What, if anything, can Asian countries do to resist China’s hegemonic designs at a time when Trump is calling into question US commitments across the region? New America’s Anne-Marie Slaughter and Mira Rapp-Hooper of the Center for a New American Security offer a sobering analysis. 'Many Asian countries, through deep and predictable political engagement with the US, have grown accustomed to America’s commitment to their security,' they point out. 'And, in contrast to multilateral security arrangements like NATO, America’s Asian alliances are founded on individual bilateral pacts,' which leaves them 'particularly vulnerable to Trump’s vicissitudes.'

But, instead of 'falling into despair,' Slaughter and Rapp-Hooper continue, 'America’s Asian allies should take matters into their own hands and start networking.' Creating a resilient regional security architecture has never before been a high priority, precisely owing to those bilateral US security guarantees. 'By building and institutionalizing ties among themselves,' Slaughter and Rapp-Hooper argue, 'US allies in Asia can reshape their regional security network from a US-centric star to a mesh-like pattern, in which they are as connected to one another as they are to the US.' That would give them 'a system [that] can strengthen stability for unsteady times.'

But it would also be a long-term endeavor.

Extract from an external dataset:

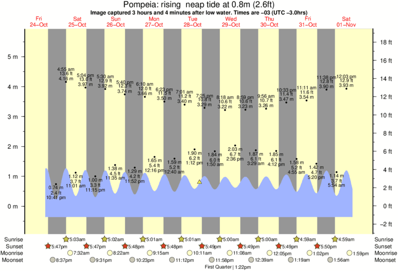 Forecast wind and swell just offshore from Pompeia around the time the photo was taken

In the near term, Asia’s stability will be in the hands of Trump, who, according to Harvard’s Joseph Nye, should be 'wary of two major traps that history has set for him.' One is the so-called Thucydides Trap, named for the ancient Greek historian of the Peloponnesian War, who warned that 'cataclysmic war can erupt if an established power (like the United States) becomes too fearful of a rising power (like China).' The other, Nye says, is the 'Kindleberger Trap,' named for Charles Kindleberger, who 'argued that the disastrous decade of the 1930s was caused when the US replaced Britain as the largest global power but failed to take on Britain’s role in providing global public goods.'

In other words, rather than being too strong, China may be too weak for global leadership. 'If pressed and isolated by Trump’s policy,' Nye asks, 'will China become a disruptive free rider that pushes the world into a Kindleberger Trap?' In the 1930s, the trap – caused by US free riding – contributed to 'the collapse of the global system into depression, genocide, and world war,' he notes.

So, one problem for the world today is that Trump 'must worry about a China that is simultaneously too weak and too strong.' But another, perhaps more serious concern, stems from the fact that, given Trump’s willful ignorance and incorrigible indiscipline, neither the Thucydides Trap nor the Kindleberger Trap may matter in the end. As Nye acknowledges, wars often are 'caused not by impersonal forces, but by bad decisions in difficult circumstances.' In order to circumvent strategic traps, Nye concludes, Trump 'must avoid the miscalculations, misperceptions, and rash judgments that plague human history.'

Is Trump really capable of that? Judging from his first six days in office, his presidency itself appears to be a long parade of such human shortcomings. And on the seventh day, he is unlikely to rest.